Group Work: Encoding folktales

In today’s session we did a presentation of our group work: Every group of two to three people encoded a folktale into TEI. We shared our experience with encoding itself, issues that occurred while working on the stories, and problems we had with the program Studio Visual Code.

Issues while encoding

The groups used different approaches to highlight the Likpakpaln terms: some just tagged them with <term>, others additionally highlighted them as superscript. There were also struggles with placing the end-tags at the right spot, but Jana revised our TEI-documents and made us aware of and helped with our issues and mistakes.

Livia and I had problems with the Live Sharing within Studio Visual Code, but worked our way around it. Our group also highlighted the headers with <hi rend=”bold”>, but Jana reminded us of the fact that by using the <head>-tag alone around the header it will already be visualized in bold writing, so after revising we took out the <hi>-tags to not overcrowd the document unnecessarily. Jana also pointed out that there was a little inconsistency in our xml:ids, since we had a little mix-up when tagging the terms with the appropriate ID.

One way to appoint an ID in the glossary …
… and referencing it in the text.

There was a slight confusion in class about when to use the xml:id and the target attributes, since an ID must be unique within a document. Livia and I tried the solution of using the xml:id attributes within the <gloss>-tags in the glossary and referencing the IDs by using <term target=”#term-id”> around the terms within the text. As it turns out, this is working, so we were quite happy with finding a solution.

New folktale, new issues

Moving on, or rather continue practicing, the groups chose new folktales to work on. We were instructed to take on a story that contains a song, so we could practice the use of tables in a TEI-document for presenting the original Likpakpaln songtext next to its translation. The <table>-element is a tricky one, because you need to build a table with its rows and columns, which can be very hard to envision, when there is no spreadsheet in front of you, but instead something like this:

The first cell of a row always contains the line in Likpakpaln, the second the English translation.

Unfortunately (or luckily?), the folktale Livia and I chose contained a very simple song that only consisted of names and so it didn’t need a translation, ergo no table. Instead, we used the <l>-tags – l standing for ‘line’ – for each row.

The instructions in parenthesis might create a new problem:
Should they be part of the song division or outside of it?
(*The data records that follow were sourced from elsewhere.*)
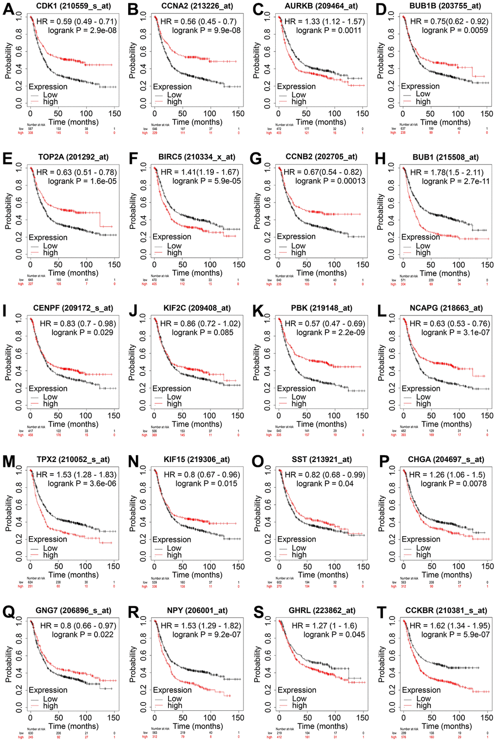 The Kaplan–Meier plotter is a web portal designed for performing survival analysis based on the gene expression and prognostic data of 21 cancer types derived from GEO, European Genome-phenome Archive, and TCGA databases [21]. In the present study, the prognostic values of the hub genes for the overall survival of patients with GC were estimated using the Kaplan–Meier plotter via the log-rank test. Besides, the median value of transcripts per million was adopted as the cutoff to dichotomize patients with GC into low- and high-expression groups, and log-rank P < 0.05 was considered statistically significant.
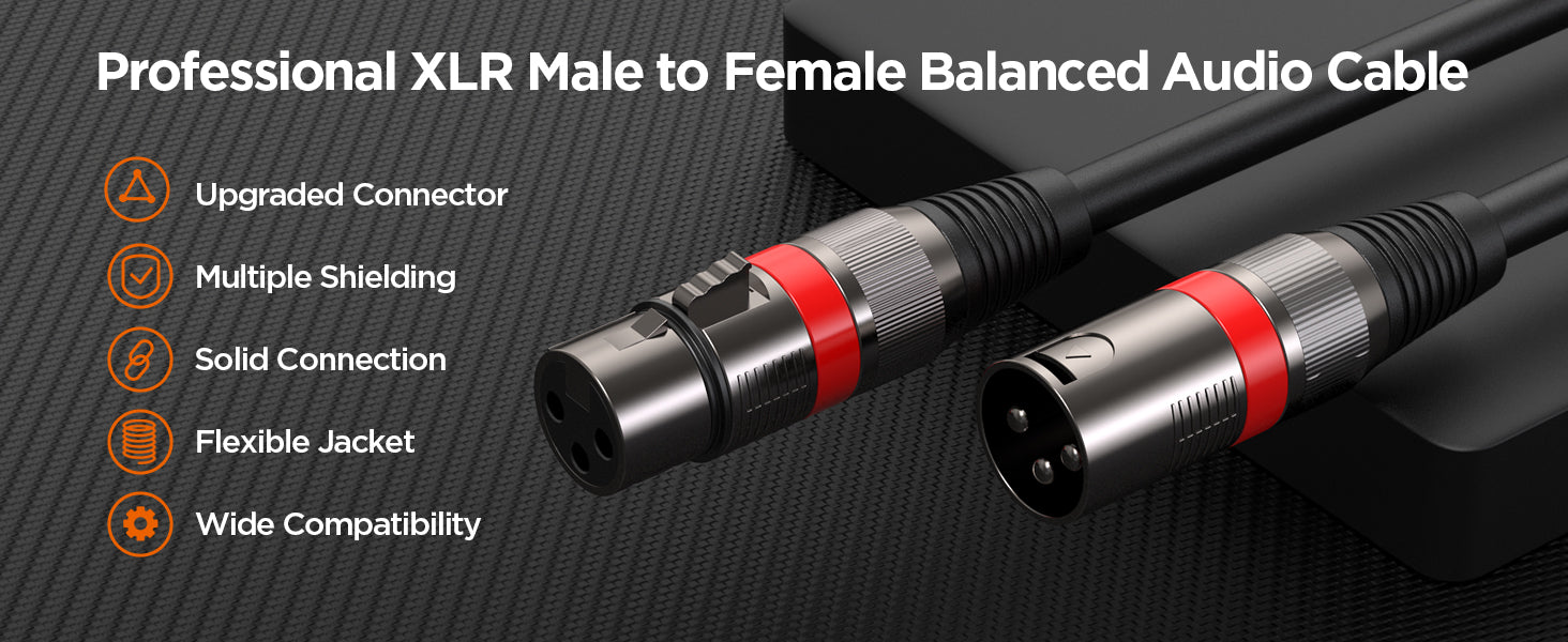XLR Cables 100FT/30M 2 Packs, Premium Heavy Duty Balanced Microphone Cable with 3-Pin XLR Male to Female Microphone Cord Connector Compatible with Microphones,Mixer,Speaker Systems,Preamps and More
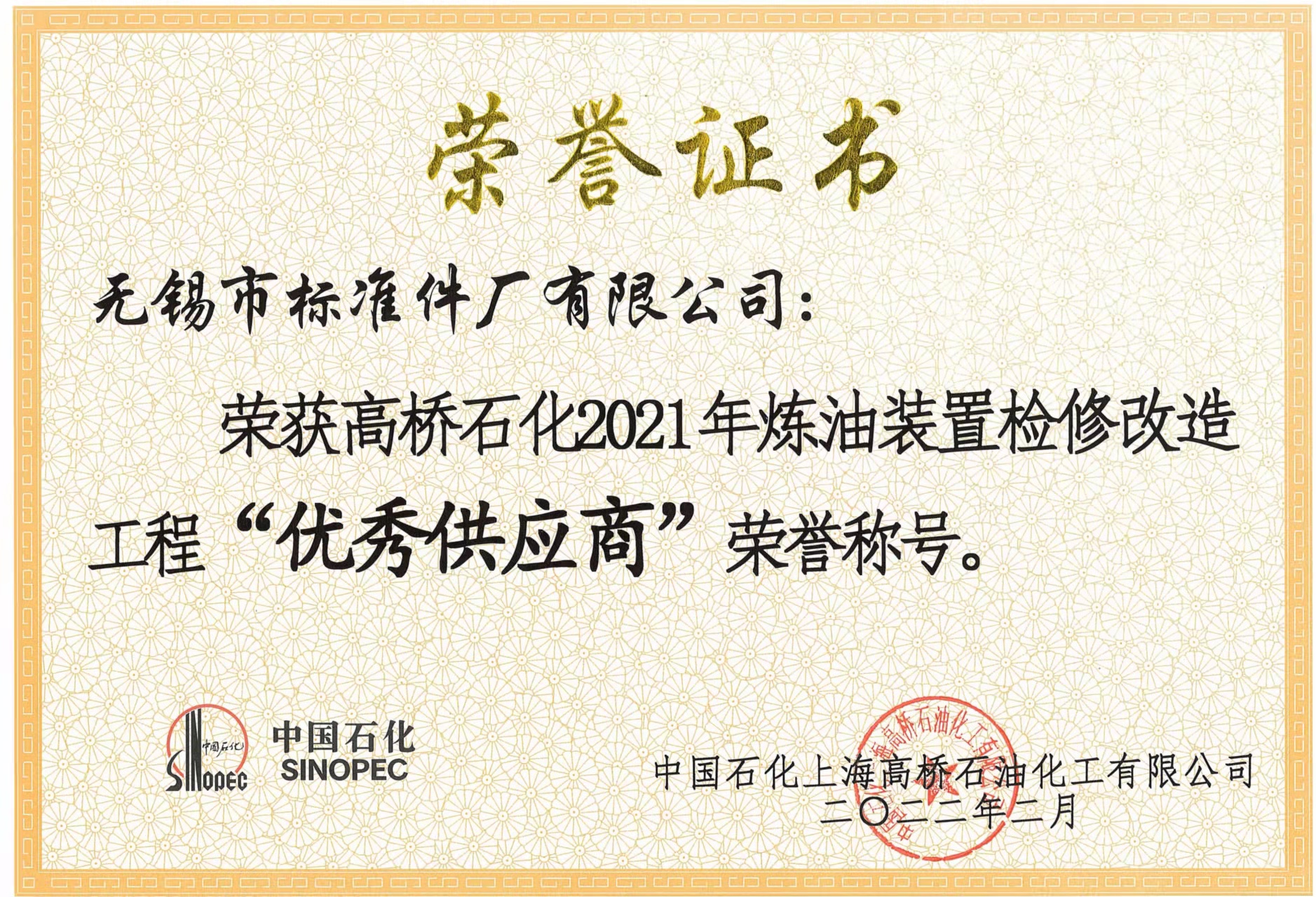 2021年度,我公司凭借优良的产品性能、稳定的产品质量、准时的交付周期、优质的售后服务,荣获中国石化上海高桥石油化工有限公司颁发的“优秀供应商”奖牌及荣誉证书。此次获得该殊荣,充分体现了客户对我公司的认可和肯定。

By encoding various folktales, I think all of us realized that TEI and XML are a bit complicated, but actually very logical in their use. Although it seemed abstruse and confusing when learning about the tags and attributes in the beginning, everything makes sense when practically working with it. Encoding is definitely a practice that needs a lot of exercise and revision to understand it. And our work within the sessions really helps here by applying the universally known phrase: learning by doing!